Feds OK plan to cut salmon fishing when needed for orcas
Federal officials have approved a plan that calls for cutting nontribal salmon fishing along the West Coast when the fish are needed to help the Northwest's endangered killer whales.
National Oceanic and Atmospheric Administration Fisheries adopted the plan Tuesday as recommended by the Pacific Fishery Management Council. It calls for restricting commercial and recreational salmon fishing when chinook salmon numbers are especially low.
It's one of the the first times a federal agency has restricted hunting or fishing one species to benefit a predator that relies on it.
The southern resident killer whales—the endangered orcas that spend much of their time in the waters between Washington state and British Columbia—depend heavily on depleted runs of fatty chinook. Recent research has affirmed how important chinook are to the whales year round, as they cruise the outer coast, and not just when they forage in Washington's inland waters in the summertime.

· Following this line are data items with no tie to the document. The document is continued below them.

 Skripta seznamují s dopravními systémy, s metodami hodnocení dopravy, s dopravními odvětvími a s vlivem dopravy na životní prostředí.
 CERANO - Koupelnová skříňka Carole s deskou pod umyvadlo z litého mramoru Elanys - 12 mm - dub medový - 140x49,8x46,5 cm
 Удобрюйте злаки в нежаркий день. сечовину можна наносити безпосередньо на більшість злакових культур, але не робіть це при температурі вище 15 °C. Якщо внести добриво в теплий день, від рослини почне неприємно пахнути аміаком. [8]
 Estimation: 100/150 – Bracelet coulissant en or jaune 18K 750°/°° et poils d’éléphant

The fishing restrictions would extend from Puget Sound in Washington to Monterey Bay in central California, and they would be triggered when fewer than 966,000 chinook are forecast to return to Northwest rivers. The last time forecast chinook returns were that low was in 2007.

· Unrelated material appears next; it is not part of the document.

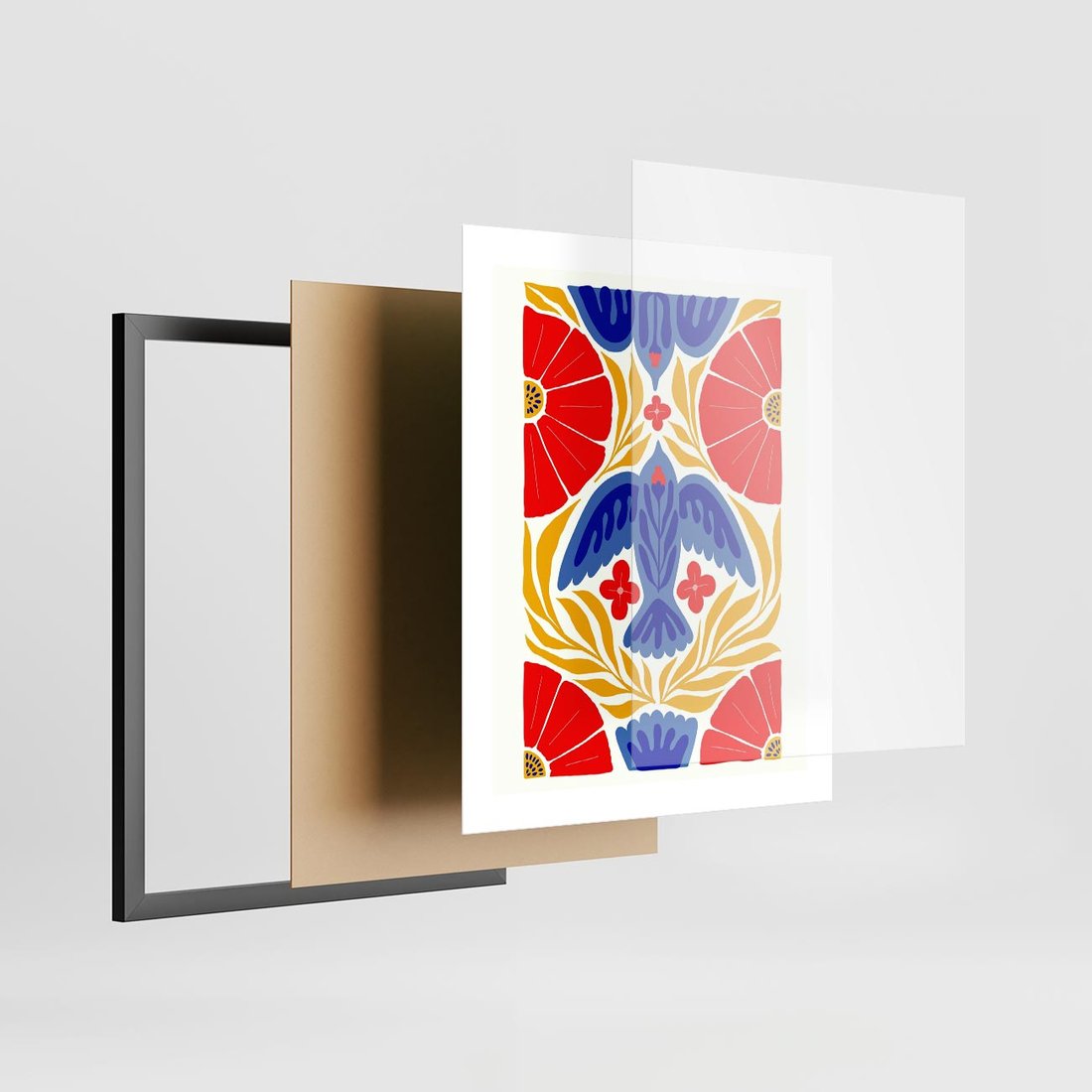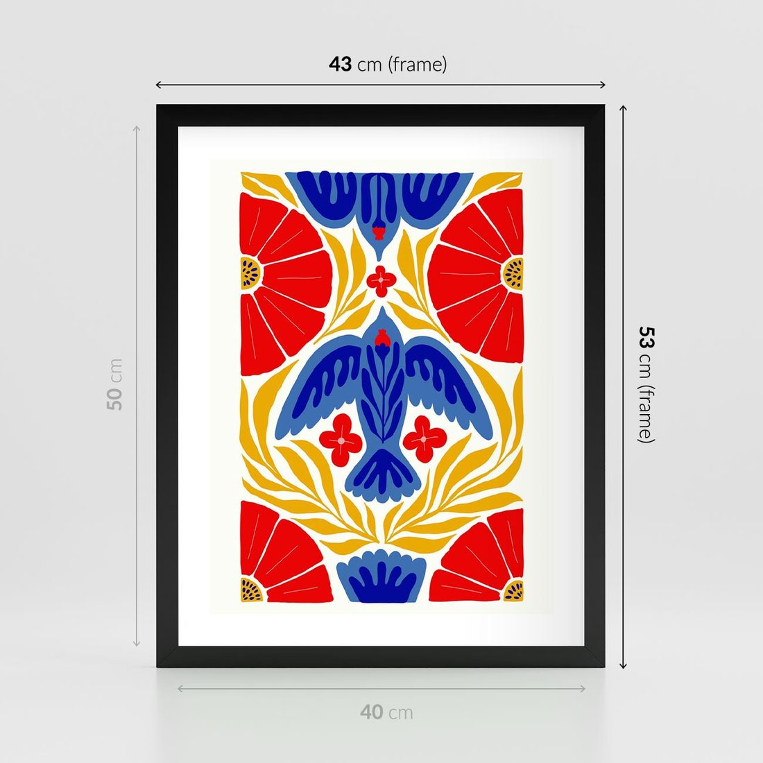 Wyrazista grafika ożywa mocnymi barwami czerwieni, niebieskiego i żółtego. Centralny ptak otoczony czerwonymi kwiatami tworzy dynamiczną kompozycję, która przyciąga wzrok i wzbudza emocje.

The restrictions would include reducing fishing quotas north of Cape Falcon in Oregon; delaying the start of the ocean commercial troll fishery between Cape Falcon and Monterey Bay; and closing parts of the Columbia River and Grays Harbor in Washington and the Klamath River and Monterey Bay to fishing much of the year.
There are 74 orcas in the three pods that make up the southern resident orca population. Three are pregnant, and given the high rate of failed pregnancies in the population, Washington state officials this week urged boaters to follow state laws on keeping their distance from the whales to give them space to feed and socialize.
The whales have in recent years been at their lowest numbers since the 1970s, when hundreds were captured—and dozens were kept—for aquarium display. Scientists warn the population is on the brink of extinction.